__Work order__
The answer is the line containing "El músico colombiano" plus every line after it to the end of the material, retyped exactly and without the pictures.

__Source material__
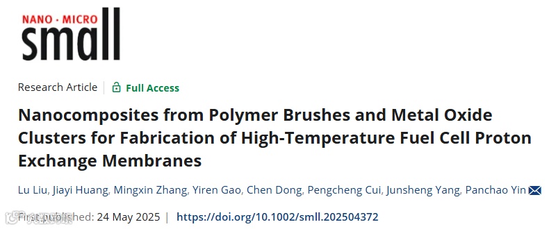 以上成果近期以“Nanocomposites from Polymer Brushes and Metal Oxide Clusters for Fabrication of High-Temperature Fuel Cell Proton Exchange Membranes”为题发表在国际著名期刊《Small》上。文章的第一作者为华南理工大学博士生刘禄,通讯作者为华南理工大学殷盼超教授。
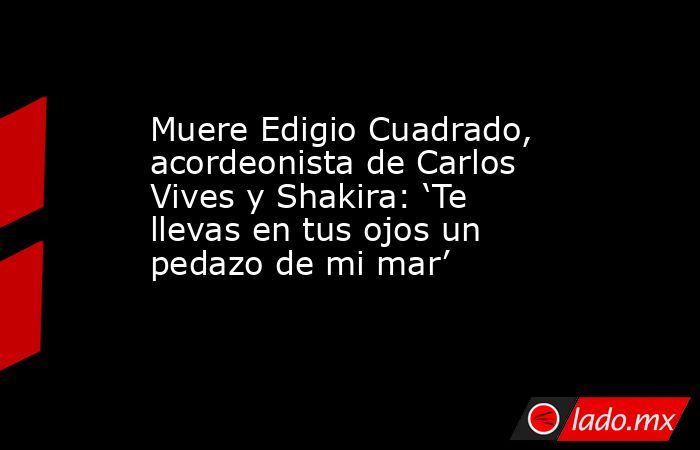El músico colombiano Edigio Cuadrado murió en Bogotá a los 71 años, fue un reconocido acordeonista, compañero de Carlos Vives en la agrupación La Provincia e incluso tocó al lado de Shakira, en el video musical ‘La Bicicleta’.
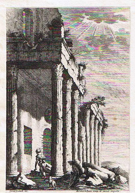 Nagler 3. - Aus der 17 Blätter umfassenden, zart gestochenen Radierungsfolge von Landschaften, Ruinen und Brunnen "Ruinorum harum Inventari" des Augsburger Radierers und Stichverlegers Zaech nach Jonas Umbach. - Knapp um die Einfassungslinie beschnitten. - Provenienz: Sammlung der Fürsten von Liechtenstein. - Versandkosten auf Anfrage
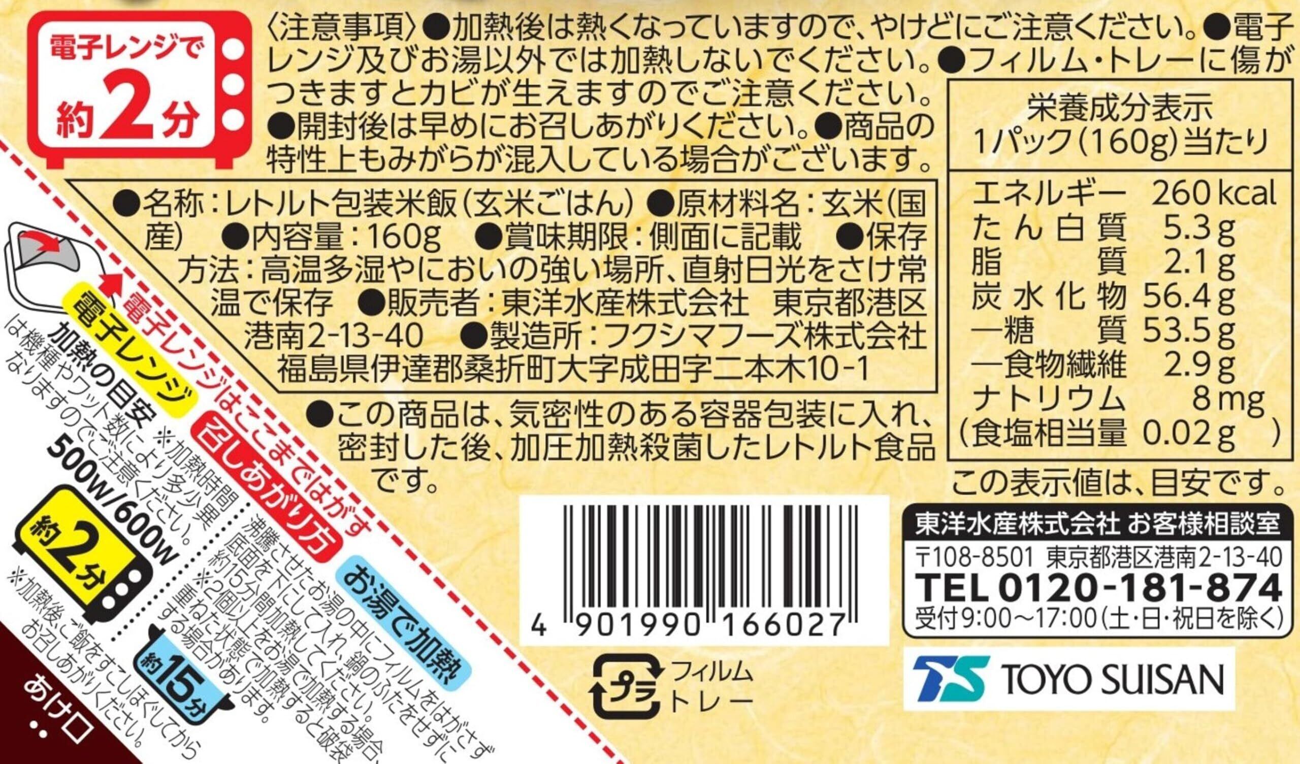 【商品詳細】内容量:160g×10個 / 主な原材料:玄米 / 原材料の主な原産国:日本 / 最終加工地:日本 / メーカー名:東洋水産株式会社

__Solved exercise__
El músico colombiano Edigio Cuadrado murió en Bogotá a los 71 años, fue un reconocido acordeonista, compañero de Carlos Vives en la agrupación La Provincia e incluso tocó al lado de Shakira, en el video musical ‘La Bicicleta’.
 Nagler 3. - Aus der 17 Blätter umfassenden, zart gestochenen Radierungsfolge von Landschaften, Ruinen und Brunnen "Ruinorum harum Inventari" des Augsburger Radierers und Stichverlegers Zaech nach Jonas Umbach. - Knapp um die Einfassungslinie beschnitten. - Provenienz: Sammlung der Fürsten von Liechtenstein. - Versandkosten auf Anfrage
 【商品詳細】内容量:160g×10個 / 主な原材料:玄米 / 原材料の主な原産国:日本 / 最終加工地:日本 / メーカー名:東洋水産株式会社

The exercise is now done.